The structure of an ISIS database, called "Field Definition Table", then "table field definition" in the jargon ISIS is stored in a text file with the extension " .fdt . In analyzing this file, one can easily determine the structure of the database. Biblio:: Isis is the module of choice for manipulating ISIS databases, it provides a function to read the table definition of fields, and So the following code is based on this module:

 #! / Usr / bin / env perl

use strict;
use warnings;

use Getopt:: Long;
use File:: Find:: Rule;
use Data:: Dumper;
use Encode qw (from_to);
use Spreadsheet:: WriteExcel;

my $ config = ();

my% save_functions = (
    Excel => \ & _save_excel,
    dump => \ & _dump_struct,
)

my $ fdt_struct = ();

GetOptions ($ config, 'database = s', 'file = s', 'save = s');

if (not exists $ config -> (

Duplicate of data during a migration

26 April, 15:18, by manu, machine translated from French

When migrating to an information system to another, one is often tempted to engage in an operation to improve quality. Although this is a project in itself, this may be the "right time", provided that we have the resources to do so. Human Resources, of course, but we must also have enough time to be able to develop a methodology able to guarantee us a better quality.

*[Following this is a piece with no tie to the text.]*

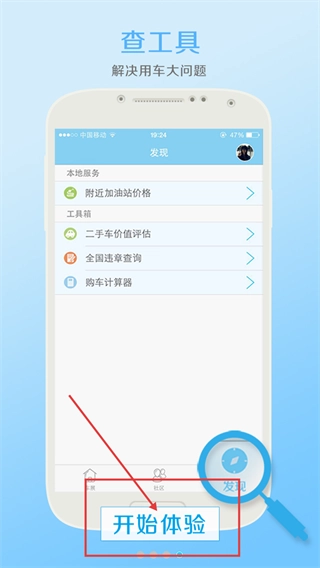 1、当前处于查工具引导页,此页面呈现了附近加油站油价、二手车价值评估等用车相关工具,点击【开始体验】按钮。

This year some students have embarked on this adventure for their graduation work with the migration of library catalogs. And a special problem was quickly placed with the presence of duplicates in the lists of authority. Catalogs are excellent venues to measure the creativity of the human mind can not follow the rules ;-)

Thus, in a library catalog, we have a list of publishers for example, and depending on the creativity of cataloguers, but also the amount of people involved in the management of these publishers, we will find more or fewer variants :

  • Ed O'Reilly
  • O'Reilly;
  • O'Reilly
  • E. O'Reilly
  • etc..

The ideal would therefore be able to find any duplicates, and replace them with the correct form. But how to find all these duplicates? Without computers, the task is tedious:

  1. browse the list of authority;
  2. establish a list of duplicates;
  3. make the choice of either "correct";
  4. make all necessary changes.

Faced with such situations, my first instinct is often to determine what I can computerize, and even automate. In this case, it would be ideal to get a list of "possible duplicates", ie, expressions that close enough for us to put a flea in his ear. In this case, the computer offers several techniques:

  • an algorithm to compute the Levenshtein distance , that is to say, the number of elementary operations to move a word to a word P M, based on this algorithm, we will be able to compare each entry in the list authority with the rest of that, and keep the items which the Levenshtein distance is not important (this threshold is obviously set as the mesh size of nets), of course, this algorithm is available on CPAN: Text :: Levenshtein for a version in Perl, and Text:: LevenshteinXS for a version in C;
  • other techniques derived from the previous exist, for example using the algorithm hiding behind agrep , a grep to make approximations in the investigations to strings, there is a Perl module that reproduces this behavior: String:: Approx (this is also an XS module, thus based on C).

Thus, techniques exist, "there is more than" ... do a search on CPAN, for example with the keyword "group" or "Similarity," which allowed me must see String:: Similarity:: Group based on String:: Similarity , which is based on an algorithm which significantly different but the same techniques as explained above. In short, once again CPAN save me time and allows me to develop a prototype quickly (without this module, I set up the group creation, which is certainly not complicated, but brings a lot of reflections).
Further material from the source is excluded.